Winning Talent for Great Employers

5 Interview Pet Peeves from Hiring Managers

By Elizabeth Robichaud

Hiring managers and recruiters post a lot of information online about their interviewing and resume pet peeves. This is extremely beneficial for job seekers and those looking to advance their career because you can avoid these "fatal" errors with a minimal amount of time and effort! Here's what we've compiled for you!
Five interview pet peeves to be avoided:

1. Complaining about the job search process or blaming the economy.

Employers want to see candidates who can make the most of a difficult situation and are resourceful.

"Employers want to hire George Clooney, not George Costanza. We are looking for candidates that are confident in what they have to offer a company," says Lee E. Miller, the author of UP: Influence Power and the U Perspective - The Art of Getting What You Want

2. Ineffective informational interviews.

Informational interviews are a valuable tool when testing the waters of a new industry or looking to see if your dream job is actually your perfect match. However, in an informational interview, it is the job seeker who has the lead and sets the agenda. Be prepared and know what answers you are looking for, prior to reaching out. As a life-long career management tool, informational interviews are easier to secure and are a common networking technique.

“Most professionals recognize this as an ordinary part of business and are not offended by being approached for an interview.” - Steve C. Wilson

3. Unprepared candidates.

Be curious and engaged. The interviewer has screened your resume and checked references; you should be doing the same with the company, industry, position and potential colleagues. Take a pro-active stance in order to understand better what the employer is looking for and to confirm what you want out of a particular job opening.

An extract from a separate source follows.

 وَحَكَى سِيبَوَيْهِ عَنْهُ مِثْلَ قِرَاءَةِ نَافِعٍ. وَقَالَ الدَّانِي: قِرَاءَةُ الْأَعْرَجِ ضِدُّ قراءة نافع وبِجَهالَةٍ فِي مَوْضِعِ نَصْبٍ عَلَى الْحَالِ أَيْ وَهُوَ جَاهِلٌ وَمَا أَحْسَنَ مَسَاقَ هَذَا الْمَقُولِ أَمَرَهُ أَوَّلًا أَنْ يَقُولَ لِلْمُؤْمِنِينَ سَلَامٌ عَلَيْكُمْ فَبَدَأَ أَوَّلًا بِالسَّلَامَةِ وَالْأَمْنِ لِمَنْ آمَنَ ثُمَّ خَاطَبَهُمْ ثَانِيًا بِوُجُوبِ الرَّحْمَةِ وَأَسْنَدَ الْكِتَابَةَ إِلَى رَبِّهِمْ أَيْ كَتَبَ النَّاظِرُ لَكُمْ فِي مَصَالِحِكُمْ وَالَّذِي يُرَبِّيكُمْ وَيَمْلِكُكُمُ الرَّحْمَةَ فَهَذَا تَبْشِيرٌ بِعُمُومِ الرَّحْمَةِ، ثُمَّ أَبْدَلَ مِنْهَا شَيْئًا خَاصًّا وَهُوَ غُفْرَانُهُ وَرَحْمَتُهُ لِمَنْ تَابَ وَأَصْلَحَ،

4. Not tailoring your questions or resume.

The interview process is a courtship that begins with your resume. Generic job descriptions just won’t make the cut. Just as employers want to ensure that you will be the perfect candidate, you should be making sure that this is your dream job beyond the job description posted.

5. Descriptions instead of accomplishments.

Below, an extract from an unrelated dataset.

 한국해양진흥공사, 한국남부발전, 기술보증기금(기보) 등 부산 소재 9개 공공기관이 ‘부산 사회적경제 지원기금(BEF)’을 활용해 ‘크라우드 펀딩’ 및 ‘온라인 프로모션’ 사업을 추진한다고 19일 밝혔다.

On an average, a assume has less than 30 seconds to make an notable and positive impression. Listing job descriptions only gives employers the sense of the scope and duties of your past positions were but doesn’t provide context to how well you performed, your creativity or innovation. Quantifiable results matter.

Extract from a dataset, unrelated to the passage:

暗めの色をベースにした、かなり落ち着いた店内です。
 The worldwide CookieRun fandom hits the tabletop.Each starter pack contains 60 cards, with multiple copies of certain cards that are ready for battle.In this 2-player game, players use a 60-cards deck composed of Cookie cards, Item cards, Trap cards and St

“Interviewers are people who can tie their past accomplishments to results needed on the new job. Would you buy a product that didn't advertise what it could do for you? Sell yourself or sit on the shelf,” states Joan Lloyd.

As an employer or job hunter, what are your interview pet peeves?

~Elizabeth Robichaud is a bilingual up-and-coming professional communicator. A member of IABC Toronto, Elizabeth is graduating this spring from the post-graduate certificate in public relations at Centennial College.